--- START ---
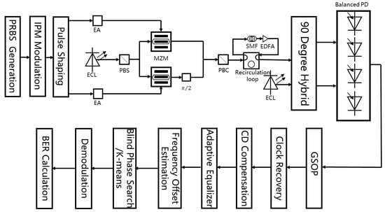 To verify the performance of the K-means cluster algorithm applied for the IPM modulation format scheme, the simulation system of a single carrier system for the data center interconnection network was established, as shown in Figure 3. Additionally, the parameters of the system are listed in Table 1. At the transmitter, the iterative polar quantization procedure was run to generate the transmitted initially constellations. We generate three constellations here, and the order of these constellations is equal to 16, 64, 256, respectively. Random pseudo-random binary sequences (PRBS) are generated in MATLAB and sent to the modulator to realize IPM modulation. The modulated signals are shaped by root raised cosine filter, which roll-off factor is equal to 0.25. After pulse shaping, signals are split up into two streams, amplified by electrical amplifiers (EA), and sent to one of the branches of Mach-Zehnder Modulator (MZM). Another branch is driven by External Cavity Laser (ECL), which operates at 1550 nm and its linewidth is 0.1 MHz. Polarization beam splitter (PBS) divide the optical source into two orthogonal polarization beams. Those two orthogonal polarization beams and two streams of data signals interact on MZMs to produce the modulated optical signals combined as optical wave by polarization beam combiner (PBC). Multi-span fiber link consists of recirculation loop, single-mode (SMF) fiber with a length of 100 km, and erbium-doped fiber amplifier (EDFA) with the gain of 20 dB. The main parameters of SMF are chromatic dispersion (CD), attenuation, and nonlinear coefficient, which is equal to , , and , respectively. At the receiving end, an optical source generated by another ECL drives the balanced photodetector (PD) after hybrid to complete the process of coherent receiving.
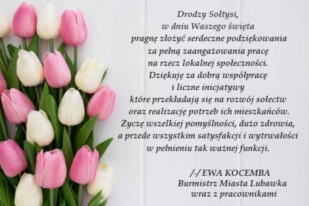 Życzenia z okazji Dnia Sołtysa od Burmistrza Miasta Lubawka Wszystkiego najlepszego z okazji Dnia Sołtysa! Galeria zdjęć Marlena Popławska Organizacyjny Data wydarzenia: 2020-03-11 Stworzony: 2020-03-11 08:52 Edytowany: 2020-03-11 09:11
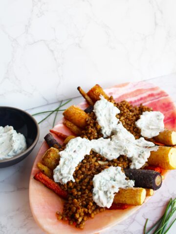 Roasted Rainbow Carrots with Lentils and Yogurt Sauce
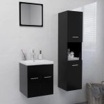 Met deze stijlvolle badkamermeubelset kan je extra opbergruimte in je badkamer creëren. Door de strakke lijnen en het strakke ontwerp past hij perfect in je badkamer.
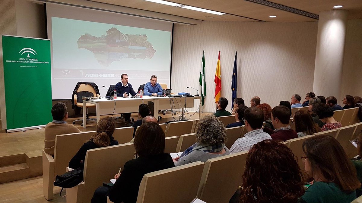 El delegado territorial de Agricultura de la Junta en Granada, Manuel García Cerezo, ha participado en la inauguración de una jornada informativa donde se ha dado a conocer el proyecto denominado AGRI-HEBE 2020, en cuya puesta en marcha colaborarán las Oficinas Comarcales Agrarias, la Fundación Andalucía Emprende, el Instituto de Investigación y Formación Agraria y Pesquera, y organizaciones agrarias y cooperativas de Granada y Almería.
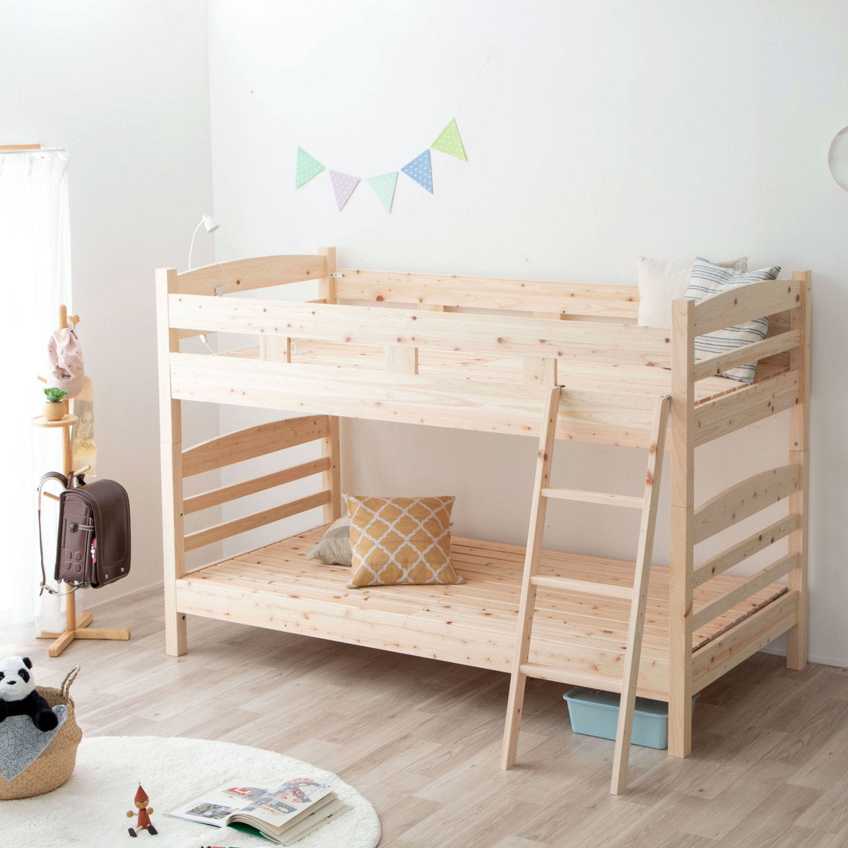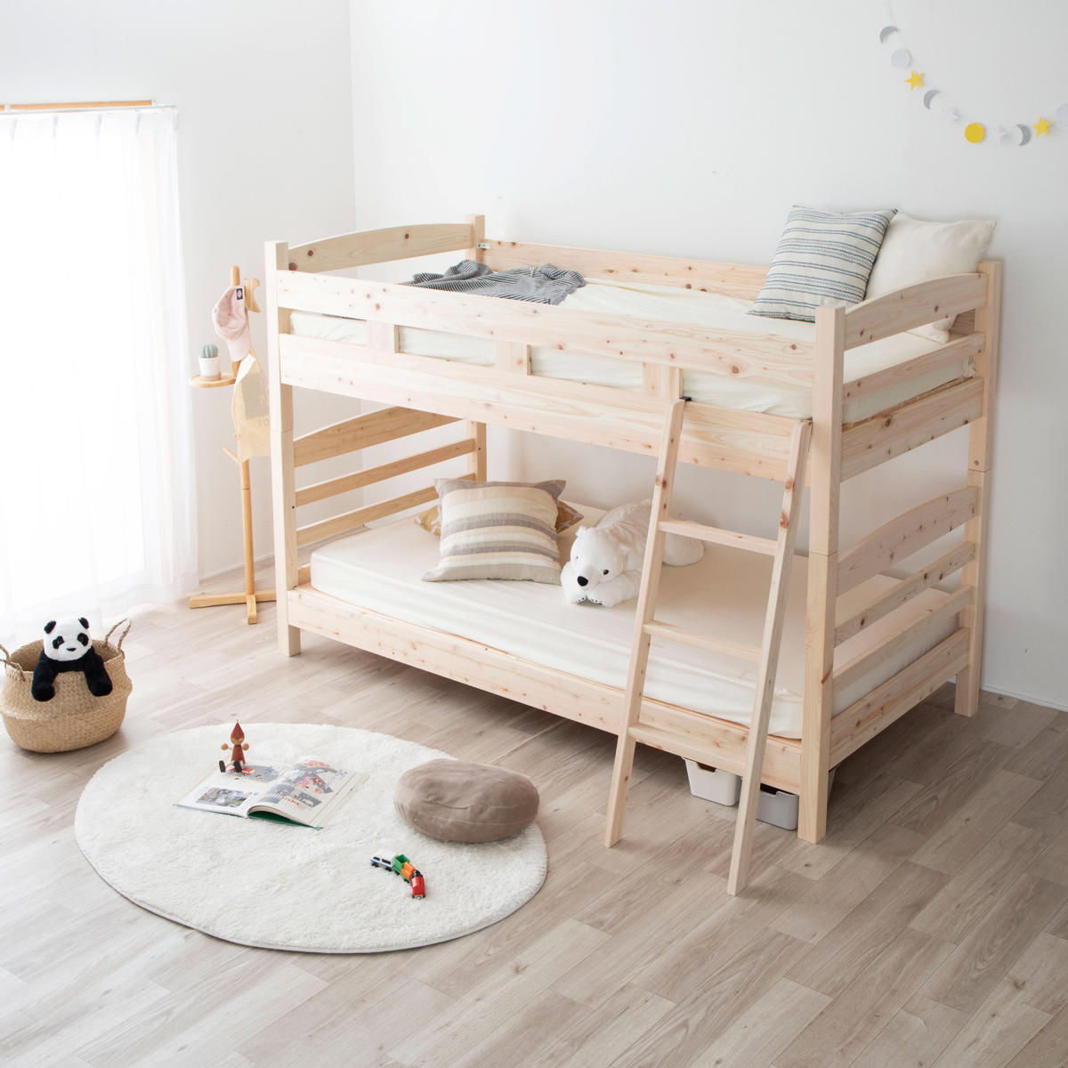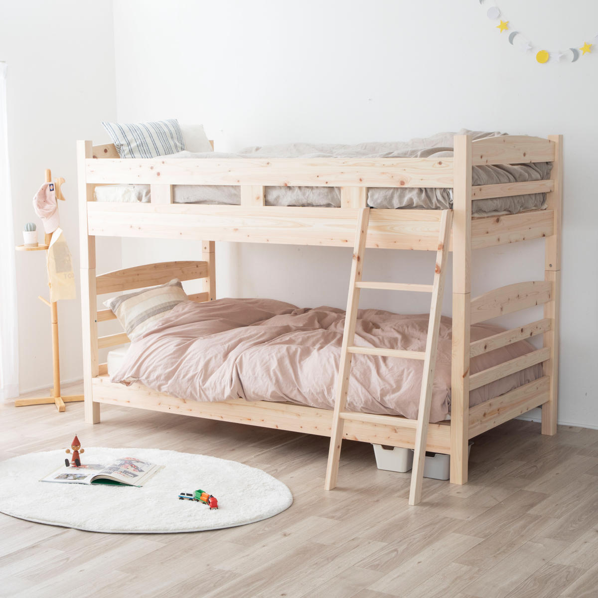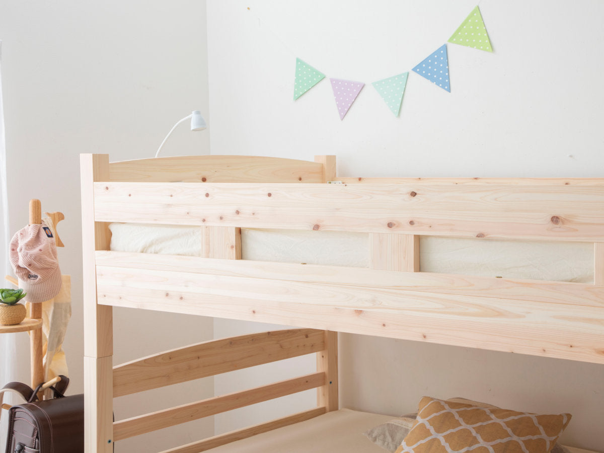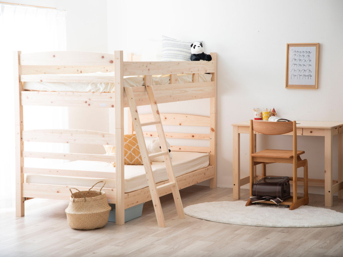 島根県・高知県四万十でとれたひのき材を贅沢に使用した2段ベッドです。木目を活かした素朴でシンプルなデザインは、お部屋に優しい雰囲気を与えてくれます。弟妹が生まれたり、お子様が一人寝できるようになった時期におすすめです。
--- END ---
• [EXERCISE]:
Word-for-word transcript, pictures excluded: copy all the material above.

• [FINISHED EXERCISE]:
 To verify the performance of the K-means cluster algorithm applied for the IPM modulation format scheme, the simulation system of a single carrier system for the data center interconnection network was established, as shown in Figure 3. Additionally, the parameters of the system are listed in Table 1. At the transmitter, the iterative polar quantization procedure was run to generate the transmitted initially constellations. We generate three constellations here, and the order of these constellations is equal to 16, 64, 256, respectively. Random pseudo-random binary sequences (PRBS) are generated in MATLAB and sent to the modulator to realize IPM modulation. The modulated signals are shaped by root raised cosine filter, which roll-off factor is equal to 0.25. After pulse shaping, signals are split up into two streams, amplified by electrical amplifiers (EA), and sent to one of the branches of Mach-Zehnder Modulator (MZM). Another branch is driven by External Cavity Laser (ECL), which operates at 1550 nm and its linewidth is 0.1 MHz. Polarization beam splitter (PBS) divide the optical source into two orthogonal polarization beams. Those two orthogonal polarization beams and two streams of data signals interact on MZMs to produce the modulated optical signals combined as optical wave by polarization beam combiner (PBC). Multi-span fiber link consists of recirculation loop, single-mode (SMF) fiber with a length of 100 km, and erbium-doped fiber amplifier (EDFA) with the gain of 20 dB. The main parameters of SMF are chromatic dispersion (CD), attenuation, and nonlinear coefficient, which is equal to , , and , respectively. At the receiving end, an optical source generated by another ECL drives the balanced photodetector (PD) after hybrid to complete the process of coherent receiving.
 Życzenia z okazji Dnia Sołtysa od Burmistrza Miasta Lubawka Wszystkiego najlepszego z okazji Dnia Sołtysa! Galeria zdjęć Marlena Popławska Organizacyjny Data wydarzenia: 2020-03-11 Stworzony: 2020-03-11 08:52 Edytowany: 2020-03-11 09:11
 Roasted Rainbow Carrots with Lentils and Yogurt Sauce
 Met deze stijlvolle badkamermeubelset kan je extra opbergruimte in je badkamer creëren. Door de strakke lijnen en het strakke ontwerp past hij perfect in je badkamer.
 El delegado territorial de Agricultura de la Junta en Granada, Manuel García Cerezo, ha participado en la inauguración de una jornada informativa donde se ha dado a conocer el proyecto denominado AGRI-HEBE 2020, en cuya puesta en marcha colaborarán las Oficinas Comarcales Agrarias, la Fundación Andalucía Emprende, el Instituto de Investigación y Formación Agraria y Pesquera, y organizaciones agrarias y cooperativas de Granada y Almería.
 島根県・高知県四万十でとれたひのき材を贅沢に使用した2段ベッドです。木目を活かした素朴でシンプルなデザインは、お部屋に優しい雰囲気を与えてくれます。弟妹が生まれたり、お子様が一人寝できるようになった時期におすすめです。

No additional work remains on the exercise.